Nei primi mesi del 1968 era pure stata fatta, da parte di un gruppo di subacquei di La Spezia, una proposta mirante ad istituire un Centro Nazionale di ricerche archeologiche subacquee, nella quale si parlava di avocare a tale Centro tutte le attrezzature acquistate dal Ministero della Pubblica Istruzione nel quinquennio 1959-1963.

La richiesta sconvolse il Lamboglia che si rivolse ai politici liguri affinché intervenissero onde evitare che venisse distrutta totalmente l'organizzazione archeologica sottomarina che era stata sistemata ad Albenga al prezzo di grandi fatiche e sacrifici. Egli si lamentava perché “la posizione della Direzione Generale delle Antichità e Belle Arti, nonostante la buona volontà di qualche funzionario, è di totale attesa e letargo” e perché “l'orientamento del Ministero della Pubblica Istruzione è pregiudizievole per la Liguria occidentale e per il prestigio internazionale italiano”.

La risposta non si fece attendere e, nel mese di luglio del 1968, il Ministero della Pubblica Istruzione, a seguito del rinnovo della convenzione avvenuto nei primi mesi del 1968, su consiglio della Soprintendenza Archeologica di Genova, scrisse all'Avvocatura dello Stato per chiedere un parere circa la consegna all'Istituto di Studi Liguri delle attrezzature imbarcate sul “Daino”.

(13)

Finalmente, nello stesso anno, tutte le attrezzature furono consegnate dalla Soprintendenza Archeologica della Liguria al Centro Sperimentale di Archeologia Sottomarina di Albenga.

Il periodo che intercorre tra il 1964 e il 1968 rappresentò un momento di interruzione delle attività subacquee e di meditazione. In questi anni furono effettuati solamente modesti interventi in Liguria ove, con regolare concessione Ministeriale, si svolsero prospezioni nelle acque dell'Isola Gallinara, nella rada di Portovenere e alla “Pria Pulla” di Genova Pegli e si garantirono la tutela e la salvaguardia della Nave Romana di Alberga.

Nel 1968 il Lamboglia cercò una soluzione per poter disporre di una nave attrezzata; se il Ministero della Pubblica Istruzione avesse garantito cinque milioni annui per cinque anni per l'affitto di un natante, egli sarebbe stato in grado di armare una nave per le ricerche subacquee. Nel 1968 aveva ricevuto una lettera di proposta di vendita di un motorsailer, il “Pegasus”, di nazionalità tedesca occidentale, costruito nel 1943 e rimesso a nuovo nel 1967.

Furono presi i primi accordi e l'Istituto di Studi Liguri ne deliberò l'acquisto.

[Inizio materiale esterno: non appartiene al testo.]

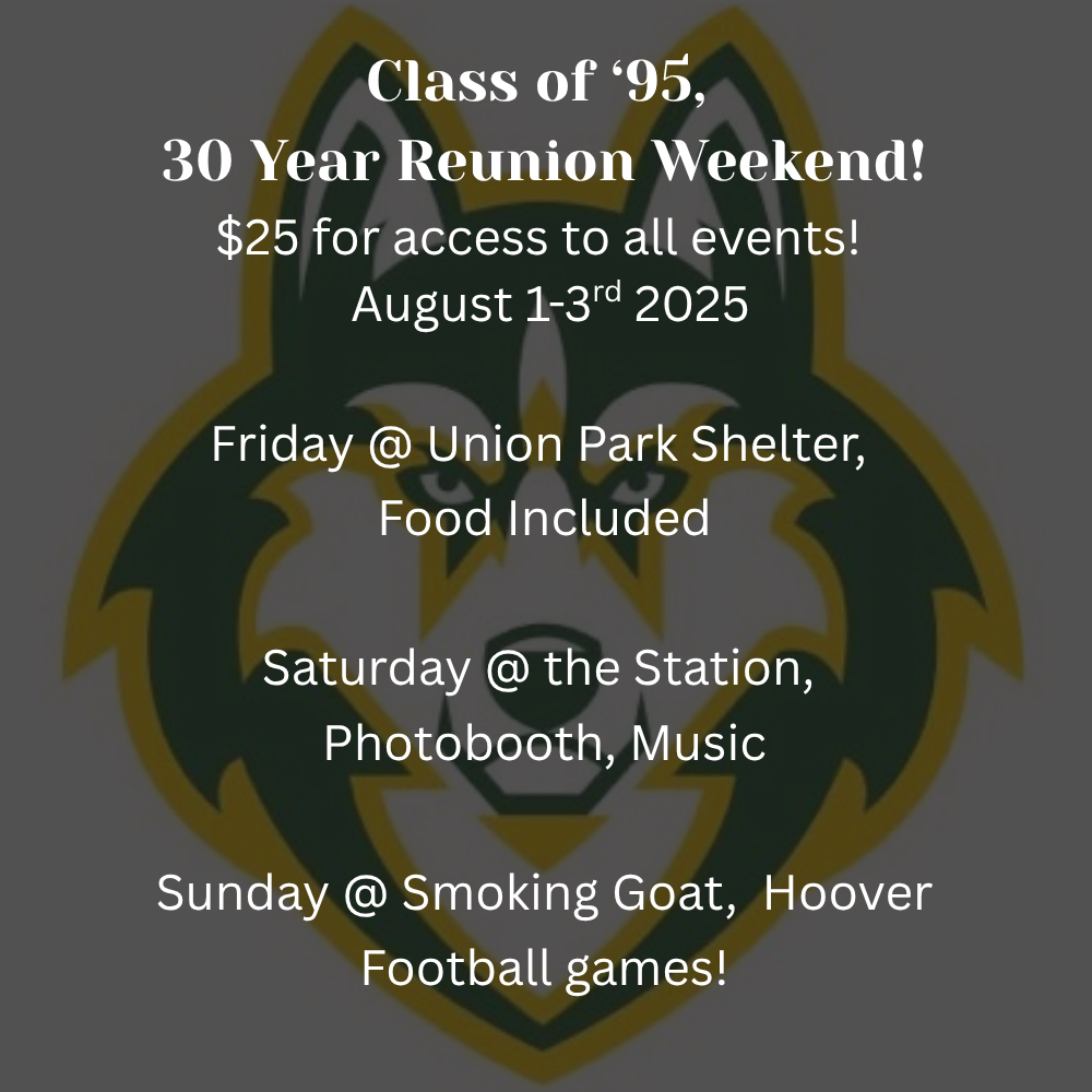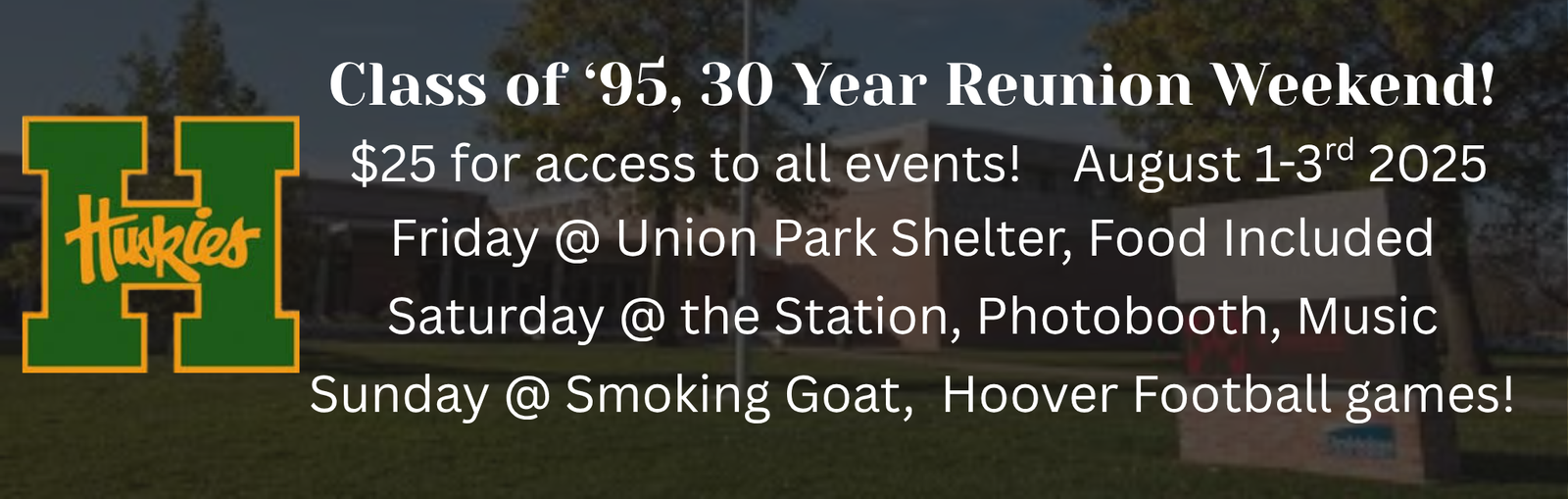 Join us for the Hoover High School reunion! Celebrate our memories, reconnect with friends, and enjoy the spirit of our Huskies.
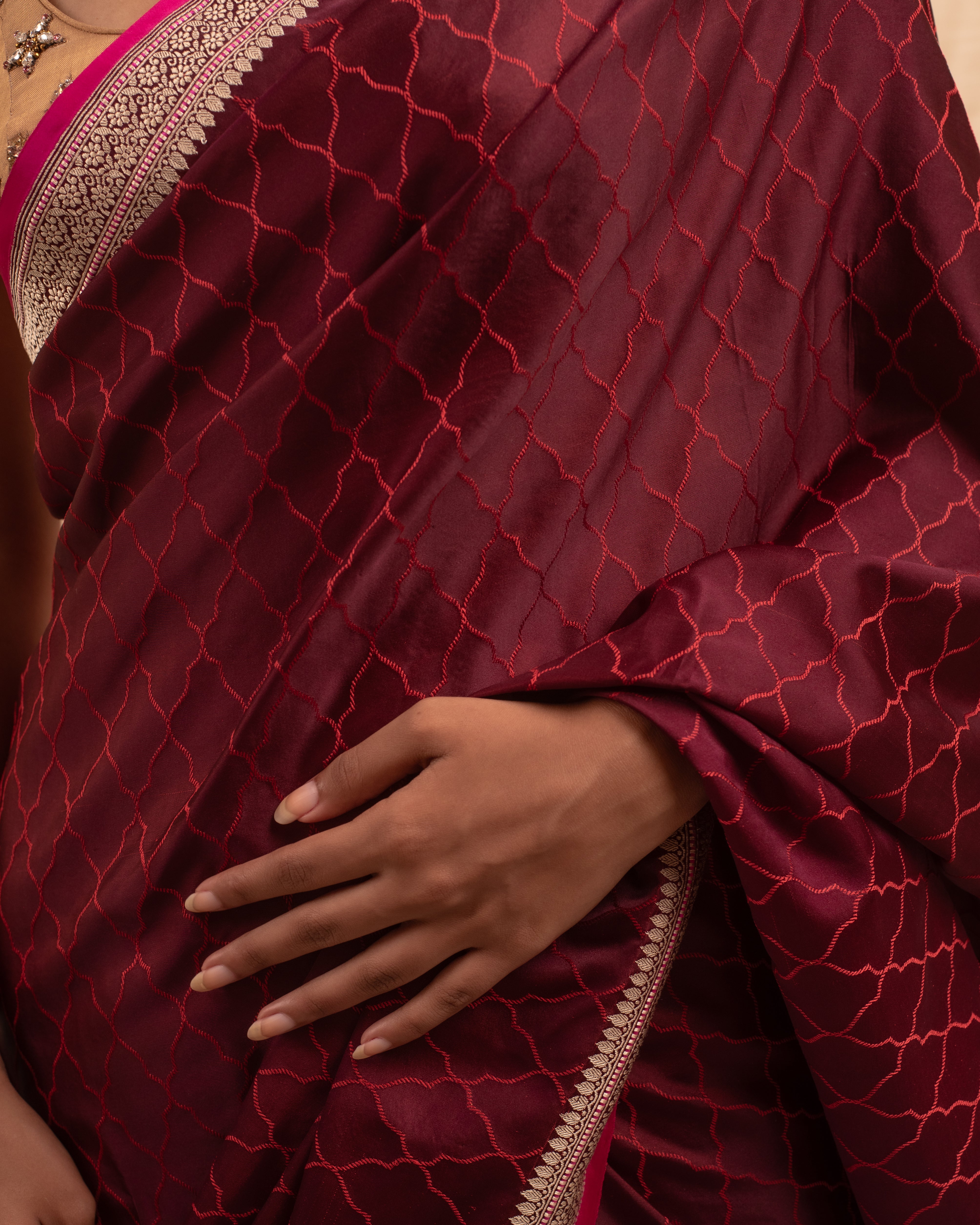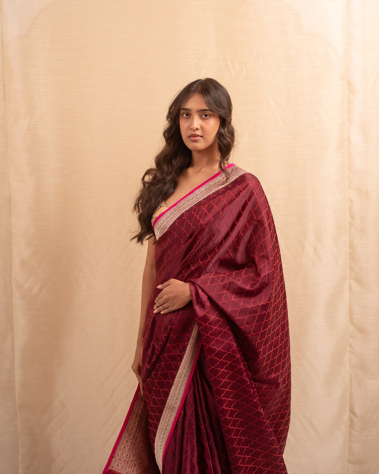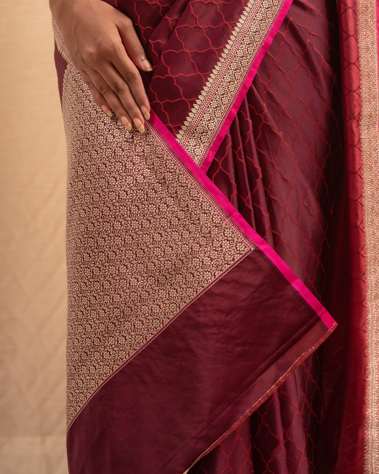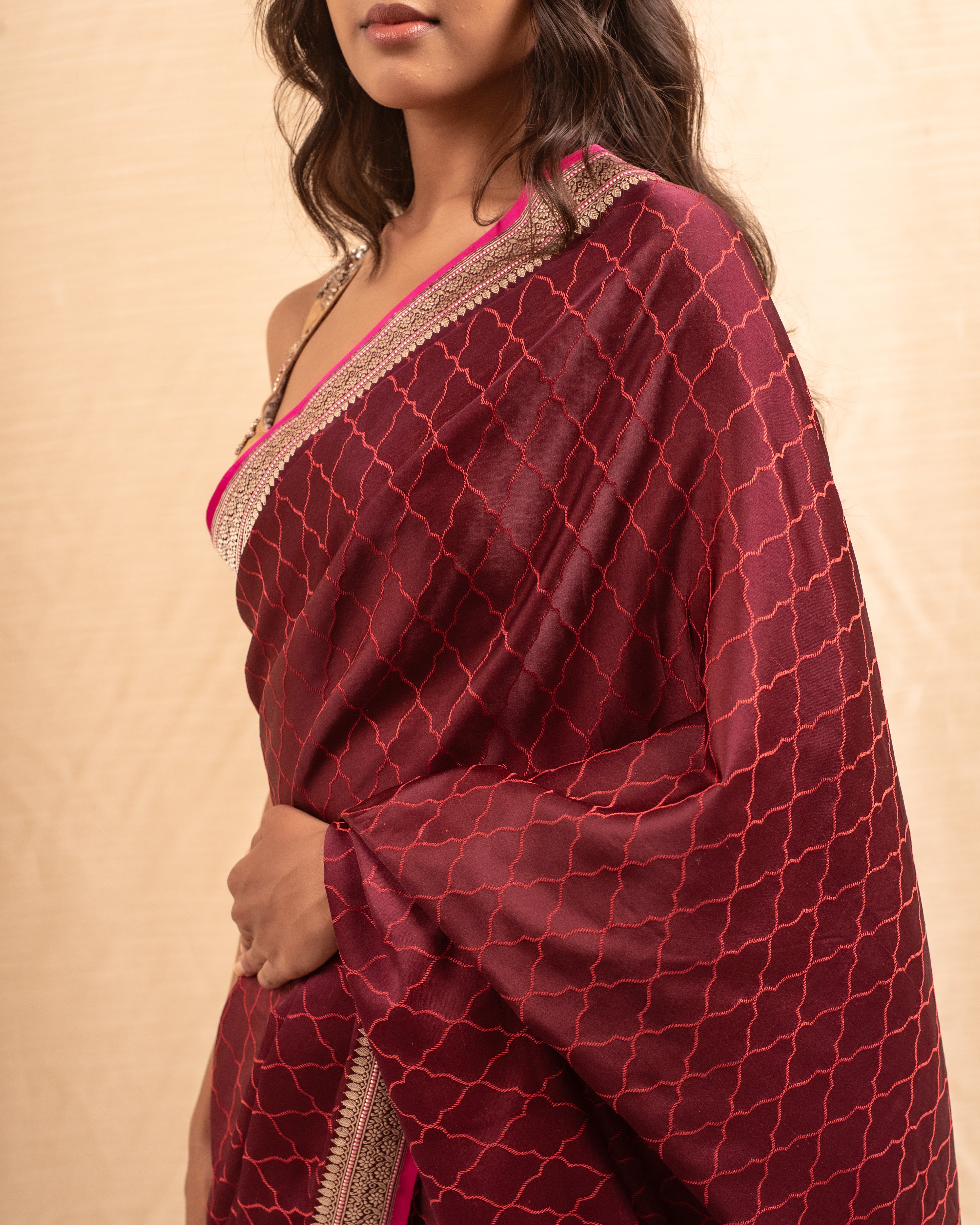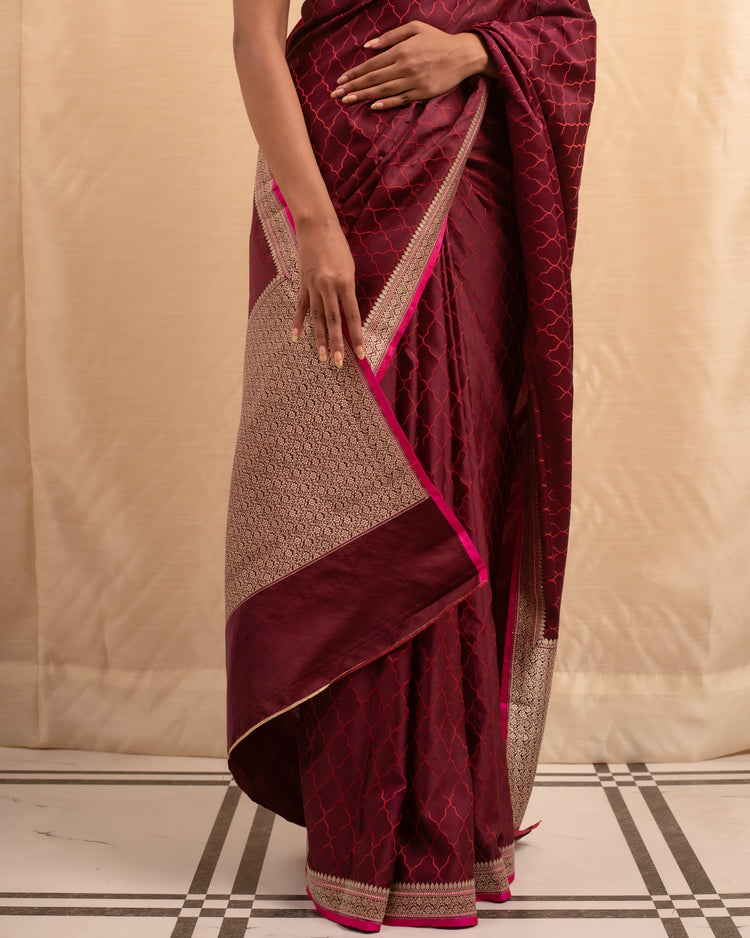 Burgundy silk brocade banarasi kadua saree with mughal jaali pattern with meenakari kadua border and palla

A tale riguardo il Lamboglia comunicava questa decisione a Massimo Pallottino specificando che: “Per riparare alla perdita insana del “Daino”, dopo tanto sudore per renderlo efficiente negli ultimi due anni di campagna, abbiamo trovato modo di acquistare a condizioni eccezionali un'imbarcazione più leggera ma fatta per la navigazione atlantica e abbastanza sicura che permetterà di impiegare tutte le attrezzature già pronte e di farle funzionare come in passato, con spese di gestione ben minori, per tutto l'anno e senza intralci e remore di regolamenti militari''

Purtroppo le pratiche burocratiche di trasferimento della nave in Italia rischiavano di ritardare ulteriormente la decisione presa. Nel contempo l'attenzione di Lamboglia venne attratta da un motoveliero italiano, il “Rocco I”, costruito a Chioggia dalla ditta Ravagnan nel periodo 1943/51. La nave era stata varata il 26 aprile 1951 ed era, in quel momento, proprietà degli armatori Fili Sodini di Viareggio.

(14)

Dopo gli accordi di acquisto, Lamboglia informava l'On. Carlo Russo della decisione di acquistare “una nave italiana equivalente, anzi lunga 5 m di più (rispetto al Pegasus) ma che presentava gli stessi vantaggi ed è di fabbricazione più recente”. Venne ribattezzata dal Lamboglia “Cycnus”, in onore del mitico re dei Liguri.

Le attrezzature acquistate dieci anni prima dal Ministero vennero imbarcate ed erano perfettamente funzionanti in quanto l’Istituto di Studi Liguri aveva provveduto, nel periodo intercorso dal disarmo del “Daino” all'ordinaria manutenzione.

Nell'agosto del 1969 Lamboglia comunicava finalmente a Pallottino ed ai membri del Consiglio Superiore l'entrata in funzione della nave “Cycnus”, la cui prima campagna di prova venne effettuata ad Albenga, e mirava a risolvere il problema della tutela con il posizionamento in loco di una boa luminosa e l’emanazione da parte della Capitaneria di Porto di un'apposita ordinanza, che diede sul notevoli risultati, sia per evitare il passaggio dei pescherecci con le reti a strascico che, per impedire le immersioni effettuate dai sommozzatori clandestini.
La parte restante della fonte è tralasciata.